For a set of strings, as in the example above, we can make a new graph for each word, then take the union of those graphs. Or we can merge as we go. When we do this with the above list of animals, we obtain the following graph:

a -> anrt b -> a c -> o d -> ov e -> lp h -> a l -> e n -> t o -> gw p -> h r -> dk v -> a

The challenge for the solver is twofold (but in no particular order): to figure out to what category the words belong, and to determine the complete list of words used to make the puzzle.

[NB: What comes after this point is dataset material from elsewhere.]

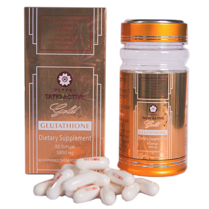 - Viên uống trắng da Tatio Active Gold Glutathione 1850mg Nhật Bản 60 viên với thành phần chính là Glutathione mang lại tác dụng rất hiệu quả trong việc ngăn chặn hoạt động sản xuất ra melanin, góp phần làm giảm nồng độ sắc tố da, từ đó sẽ mang lại cho bạn làn da trắng sáng, mềm mịn từ bên trong.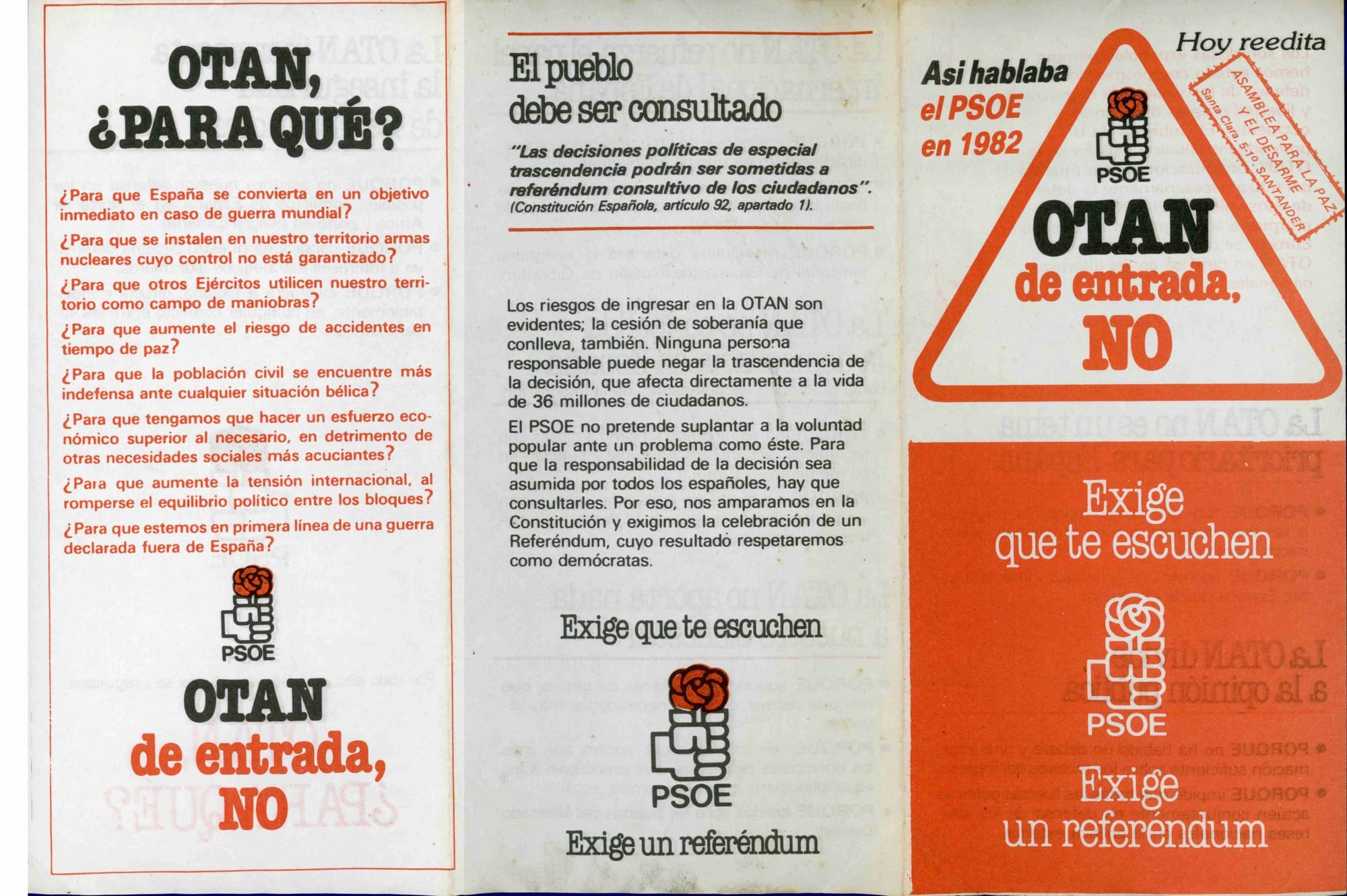 Felipe González había reclamado celebrar un referéndum “por respeto a la opinión pública” y llegó a afirmar que “del mismo modo que hemos dicho ‘de entrada, no’ estamos dispuestos a decir ‘de salida, sí’”, según recogen las octavillas del PSOE de 1982. En aquel material se sostenía, entre otras cosas, que “los riesgos de ingresar en la OTAN son evidentes; la cesión de soberanía que conlleva, también” y se exigía “la celebración de un Referéndum, cuyo resultado respetaremos como demócratas”.

Notice that unintended words often end up with paths in the final graph; in this example, both 'cog', which is not related to the category, and 'ant', which is, are valid paths. The puzzle above is not really difficult, because more than half of the nodes are of outdegree 1. Seeing that p leads only to h and h leads only to a and then noticing that only e leads to p should suggest 'elephant' to the average word-puzzler. For a decently difficult puzzle, as few nodes as possible should be of such a low outdegree.

Here is a slightly more difficult puzzle. There are 11 words in the intended word list. Have fun.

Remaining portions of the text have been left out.